Игорь заметил посещение мастера, но принцип «моя хата с краю, я ничего не знаю» — свято им соблюдался, да и как бы он вмешался…
Семе Кренделю с детства очень нравились мужчины, и с этим он ничего не мог поделать, да и не хотел. Со временем он научился обслуживать мужчин так, что они оставались довольными, и, в свою очередь, так обслуживали Сему, что он тоже был на вершине счастья. И, когда его посадили за то, что нашли при нем валюту, полученную им от иностранного клиента, то главное всегда оставалось при нем: мужчины! Причем столько, что удовольствия у Семы было хоть отбавляй.
Когда Пархатый пригласил Сему на новеньких, возражения он не получил. Семе очень нравился Арик, и он сам подумывал, как бы к нему подвалить. А тут выходило как нельзя лучше: и удовольствие, и кое-какая мзда была обещана в виде гуманитарной помощи, Сема был ужасный сладкоежка, а тут ему сразу же пообещали целую плитку шоколада.
Гулять начали традиционно, с водочки, правда, под хорошую закуску, та же баночная китайская ветчина, что и у Дарзиньша. Затем солидно выкурили по «косячку» «травки» и уже сытые и довольные завершили гулянку мужеложством.

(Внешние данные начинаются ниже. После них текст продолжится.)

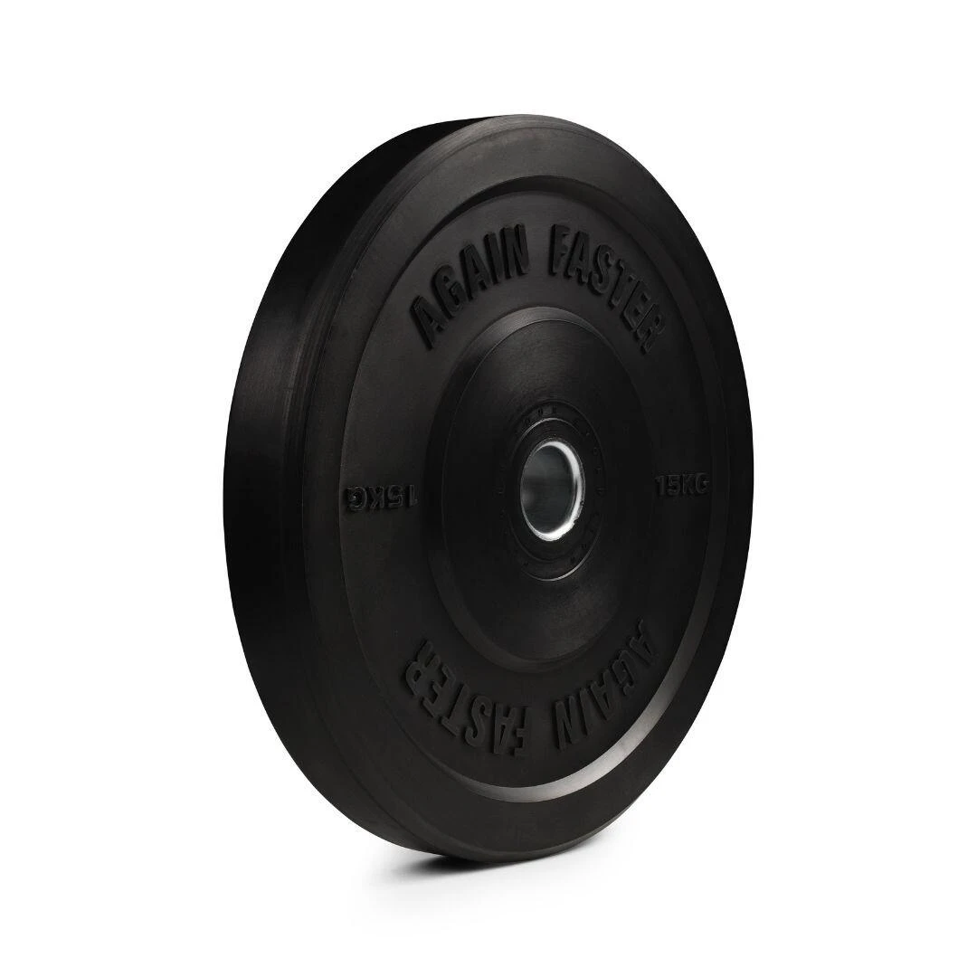 Again Faster Virgin Rubber Bumper Plates are high-quality weight plates designed to absorb the shock impact of drops. This keeps your drops safe, thanks to the low, more predictable bounce, and also protects your barbell. The high-density virgin rubber used is what ensures this low, controllable bounce. The sleek, all-black finish also looks great in any gym setting.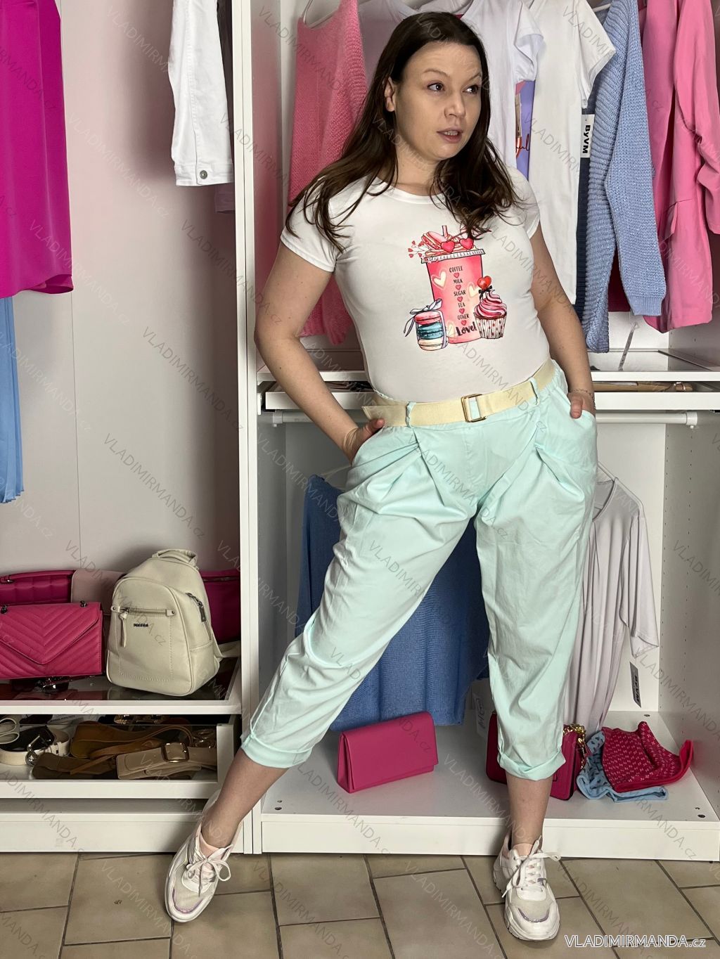 Nohavice outdoorové s opaskom dámske (S/M/L ONE SIZE) TALIANSKA MÓDA IM4261117/DUR sv. mintová S/M/L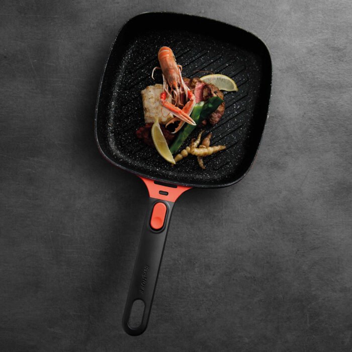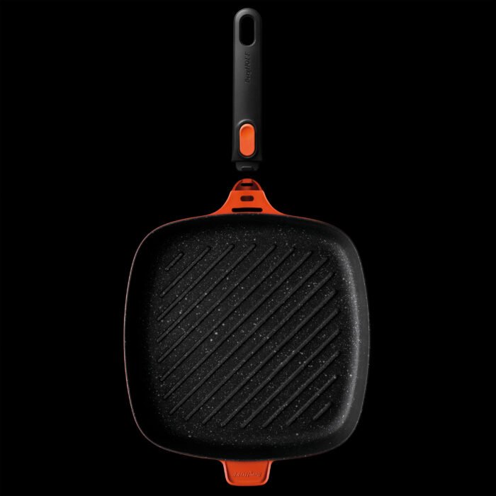 Web description | Square grill pan with detachable handle orange 28 cm |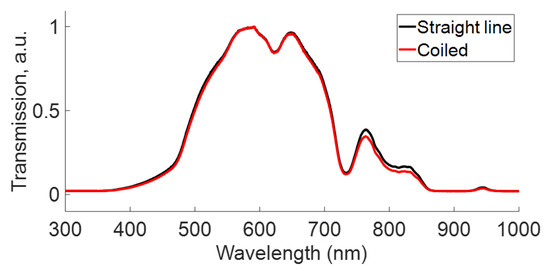 Figure 6 illustrates that the spectral transmission remains unaffected by the curvature introduced by coiling the fiber on a drum with a 10 cm diameter. However, no significant variations in the transmission traces were observed within the range of 400 nm to 850 nm, with a minimal difference of 0.0414 in the intensity at 764 nm. From the observations presented in Figure 6, we can conclude that the curvature of the fiber in the drum does not alter the spectral transmission.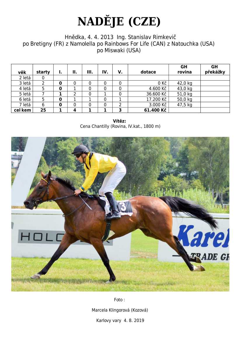 Větší využití v Polsku se najde i pro loňského novice Nagano Gold. Zda-li se po 2 letech do českého chovu vrátí, to už ukáže vývoj chovu.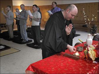 << Jay 'Rinsen' Weik leads a service at the Toledo Zen Center in Holland. The center is changing its name to better reflect its growth as a spiritual home for Buddhism as well as to address confusion about what Zen is. THE BLADE/LORI KING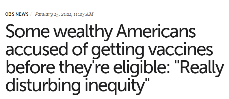 諷刺的是,據(jù)美國媒體披露,不少富人卻優(yōu)先接種上了疫苗。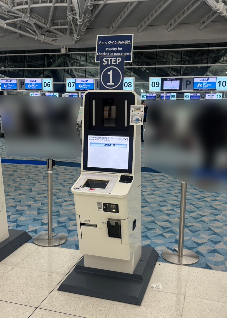 今回はチェックインはこちらの機械で行いました。事前に予約したチケットを発行します。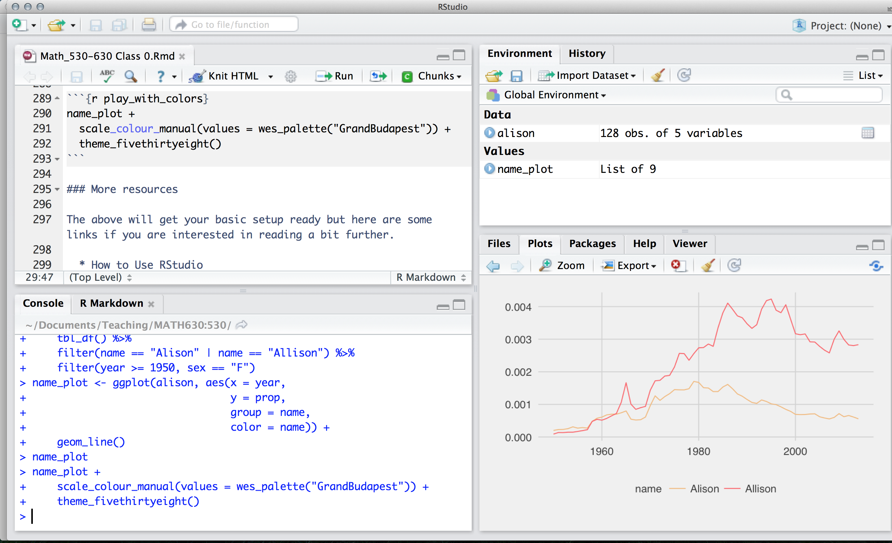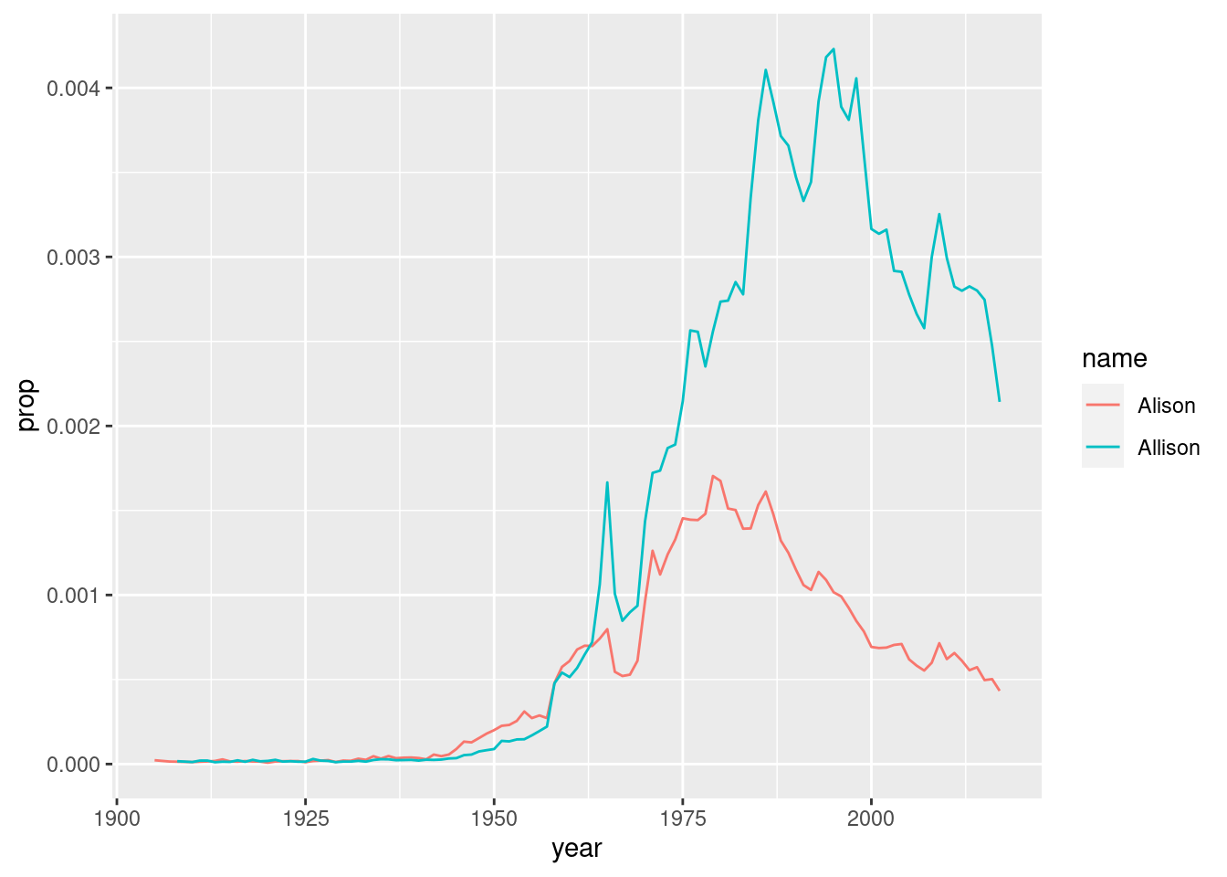 Edit the code above to create a new dataset. Pick two names to compare how popular they each are (these could be different spellings of your own name, like I did, but you can choose any two names that are present in the dataset). Make the new plot, changing the name of the first argument alison in ggplot() to the name of your new dataset.

Мастер, спрятавшийся в укромном уголке «швейки», где он знал все ходы-выходы, не торопился давать сигнал к облаве. Он прекрасно знал, что нужны весомые доказательства соития, а так пока все могло обойтись неделей БУРа и все.
Потому он дождался, когда Сема Крендель стал обслуживать братву на высшем уровне.

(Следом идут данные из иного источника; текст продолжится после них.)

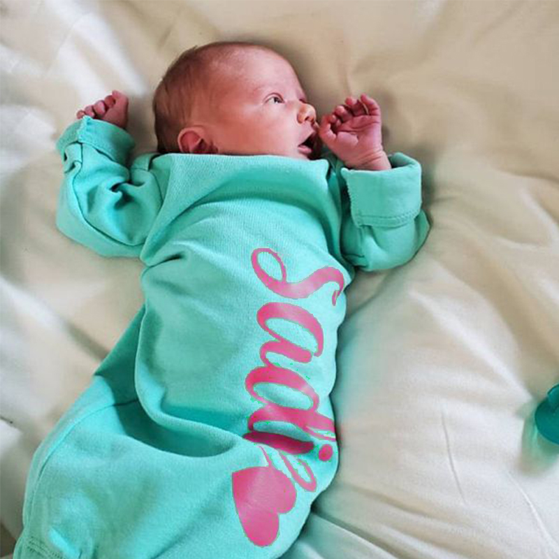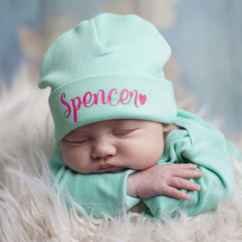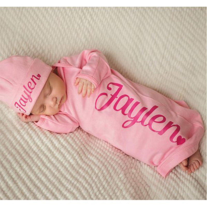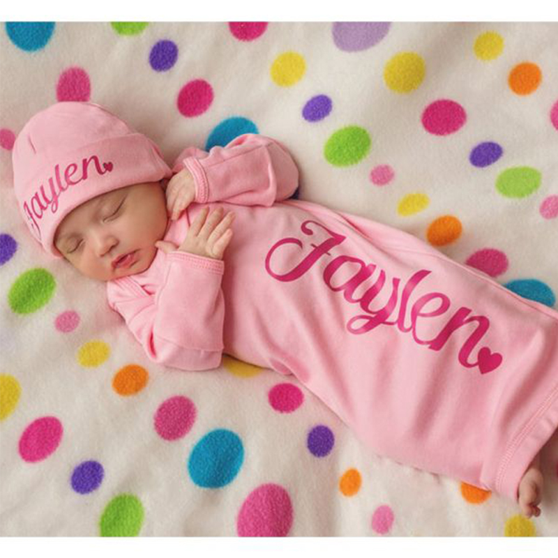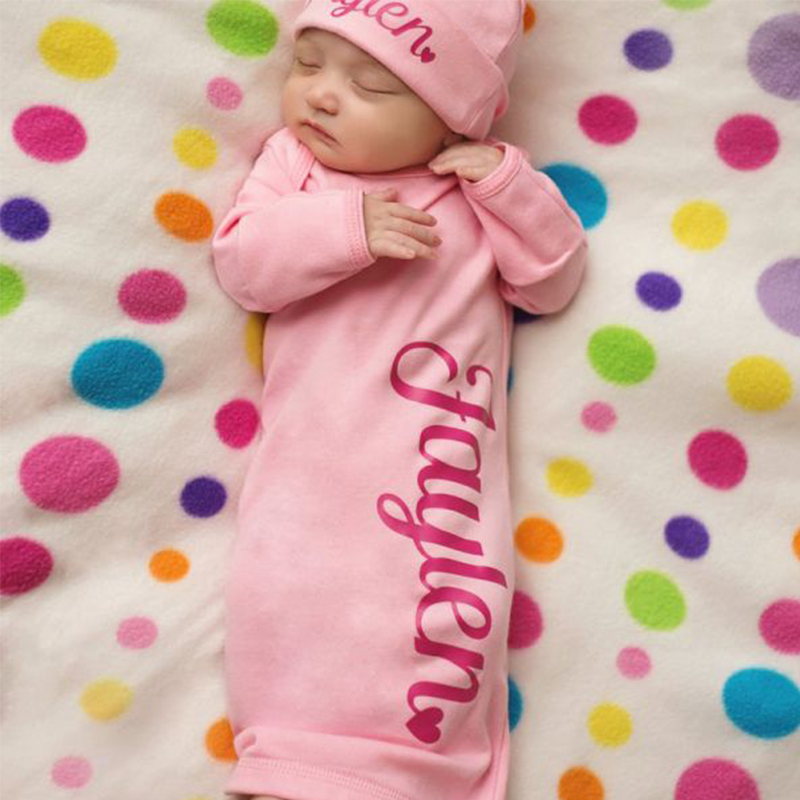 ♥ This adorable personalized baby gown with matching hat set comes personalized with the baby's name! Name is made of heat transfer vinyl and is applied with a commercial heat press. Hat or gown can also be purchased separately using the drop down menu on the side.

И, только когда удовлетворенная братва стала вновь раскуривать второй «косячок» перед тем, как разбежаться по баракам, мастер открыл обусловленное окно на втором этаже «швейки», в то время как оргия происходила на первом этаже рядом с раскроечным участком «швейки».
Вася, дрожавший от нетерпения, со своими «орлами», вооруженными резиновыми дубинками и наручниками, бросился на «швейку».

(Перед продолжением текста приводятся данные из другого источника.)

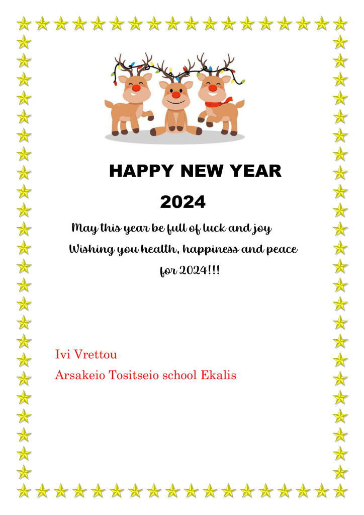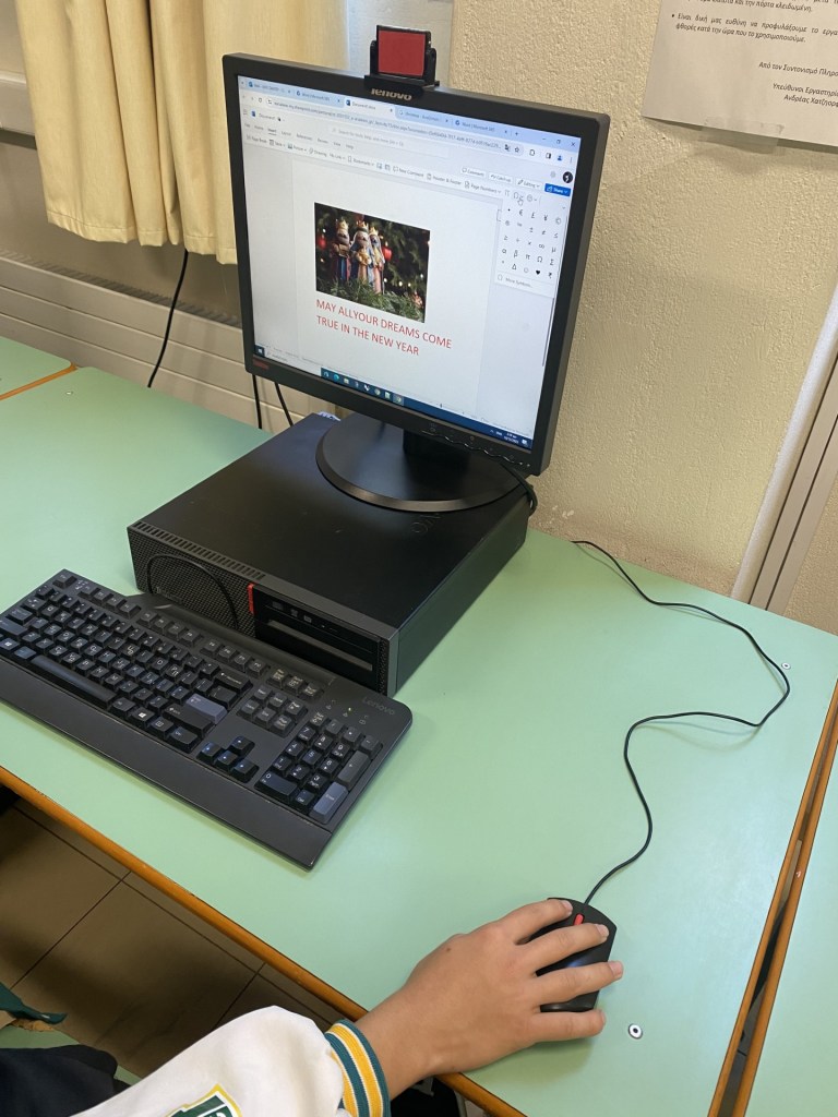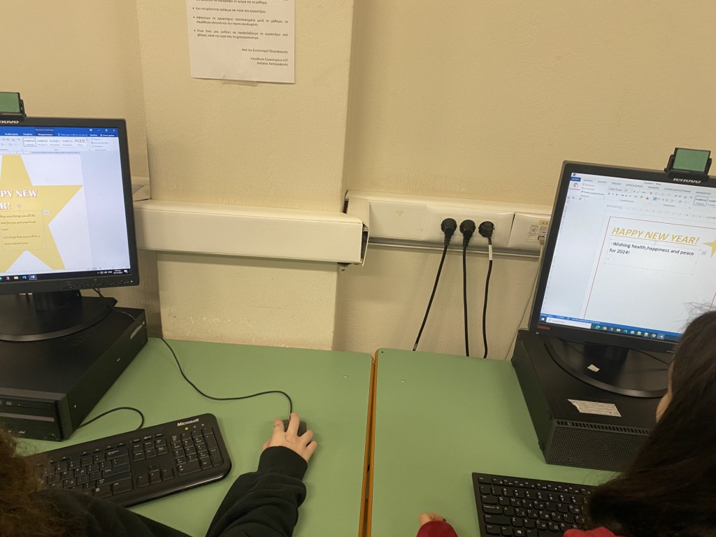 Στο πλαίσιο του προγράμματος E-twinning για το έργο “Let’s fight for a better world”, οι μαθητές της Γ’ Γυμνασίου του σχολείου μας σχεδίασαν ψηφιακά στο εργαστήριο πληροφορικής τις δικές τους ευχετήριες κάρτες για το νέο έτος, στέλνοντας τις ευχές τους στα αγγλικά. Τις κάρτες μοιράστηκαν με τους συνομήλικους μαθητές άλλων χωρών με τους οποίους συνεργάζονται στο έργο και οι δημιουργίες τους αναρτήθηκαν σε κοινό padlet.

Повязать расслабленных водкой, наркотиком и любовью парней было делом несложным. Они настолько были поражены появлению контролеров в своем, закутке для отдыха, что даже не пытались сопротивляться.
Вместе с братвой взяли и Сему Кренделя.
Вася, не откладывая дела в долгий ящик, принялся допрашивать Кренделя, потому что без его показаний и согласия сотрудничать дела не могло получиться, ничего бы не «выгорело».
— Слушай, Крендель! — сурово произнес Вася, когда конвоир оставил Сему и ушел. — Я знаю, что ты сейчас будешь делать!
Его легкий одесский акцент, прекрасно скопированный, вызвал у Кренделя радостное возбуждение.
— Я согласен, гражданин начальник!
Первое, что могло придти ему в голову, было то, что гражданин начальник хочет, чтобы и его обслужили по первому разряду.